Podcast: Download (Duration: 6:34 — 6.0MB)
Subscribe: More
Out of your heart, cry wonder,
Sing that we live.
These are the final words of one of my favorite readings in the UU hymnal, “Out of the Stars,” written by Robert Weston. I love the words because they have a beautiful rhythm when you read them, a gait which seems to lift up the miracles that they spell out: That we exist! That we are connected to everything! That we love!
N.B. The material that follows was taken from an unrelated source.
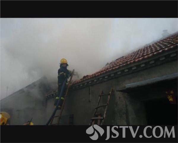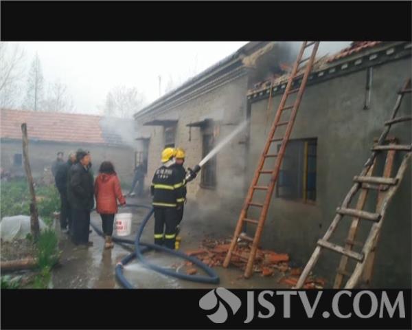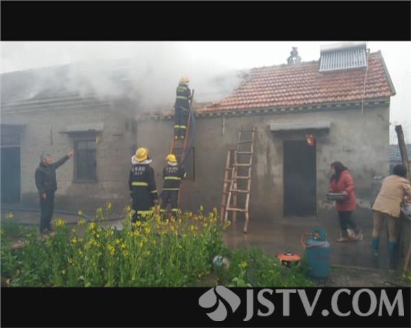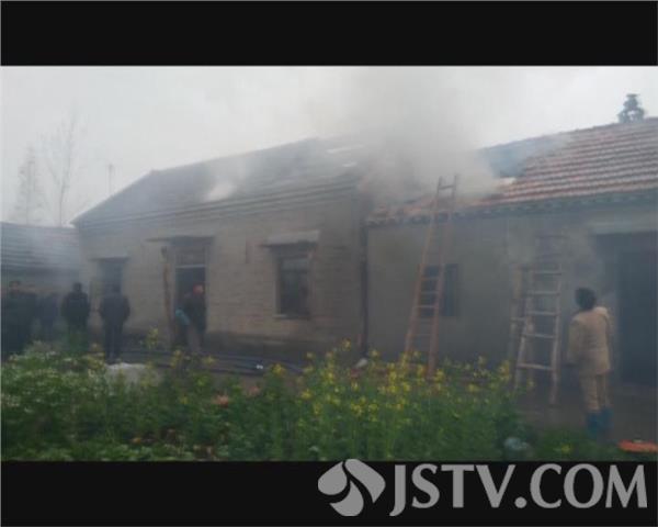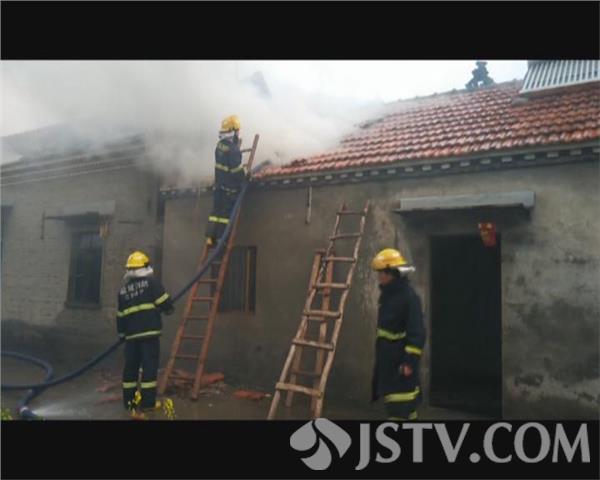 4月14日上午11时,由于受到连日来雨水天气的影响,盐城市阜宁县沟墩镇陈桥村白水堂的一户民房不慎起火,火灾发生时由于从房顶开始起火,现场的百姓赶紧拨打了报警电话。

I have always been moved by those words because, for me, the stars are such an immediate and consistent source of wonder. Stars elicit mystery from our youngest age. Every two-year-old who speaks English learns that expression of wonder, Twinkle, twinkle little star, how I wonder what you are… a simple way of expressing wonder and awe.
One of the great blessings of stars is that they are always there, a constant. Even if it is a cloudy night and we can’t see them, we know they are there. Thousands of years ago our ancestors learned to follow them in order to sail, plant, migrate and mark earth transitions.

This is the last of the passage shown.